→ **WHAT YOU ARE ASKED TO DO**
Look below for the line holding "坪庭を眺めながら趣味に没頭できる土間敷きの趣味室" and the line holding "蚂蚁帝国修改器专为电脑版设计". Transcribe exactly those lines and all lines between them, nothing more.

→ **EXCERPTED RECORDS**
-- Opening Marker --

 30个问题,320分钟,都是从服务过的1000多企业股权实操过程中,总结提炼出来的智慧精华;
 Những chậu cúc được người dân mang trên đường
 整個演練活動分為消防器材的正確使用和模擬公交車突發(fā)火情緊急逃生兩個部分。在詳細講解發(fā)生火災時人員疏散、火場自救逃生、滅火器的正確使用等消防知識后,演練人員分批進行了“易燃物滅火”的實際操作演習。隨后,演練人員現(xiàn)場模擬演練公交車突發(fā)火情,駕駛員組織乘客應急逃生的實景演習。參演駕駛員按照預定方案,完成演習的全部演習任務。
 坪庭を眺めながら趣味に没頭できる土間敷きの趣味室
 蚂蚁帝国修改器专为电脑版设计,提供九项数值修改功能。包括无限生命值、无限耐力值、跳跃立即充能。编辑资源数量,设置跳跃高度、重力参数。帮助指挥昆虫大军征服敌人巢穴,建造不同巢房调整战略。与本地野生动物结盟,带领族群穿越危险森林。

-- Closing Marker --
-- Opening Marker --

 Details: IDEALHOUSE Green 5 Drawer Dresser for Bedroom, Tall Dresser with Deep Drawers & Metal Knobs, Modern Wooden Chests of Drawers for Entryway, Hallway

-- Closing Marker --

→ **OUTPUT OF THE EXERCISE**
 坪庭を眺めながら趣味に没頭できる土間敷きの趣味室
 蚂蚁帝国修改器专为电脑版设计,提供九项数值修改功能。包括无限生命值、无限耐力值、跳跃立即充能。编辑资源数量,设置跳跃高度、重力参数。帮助指挥昆虫大军征服敌人巢穴,建造不同巢房调整战略。与本地野生动物结盟,带领族群穿越危险森林。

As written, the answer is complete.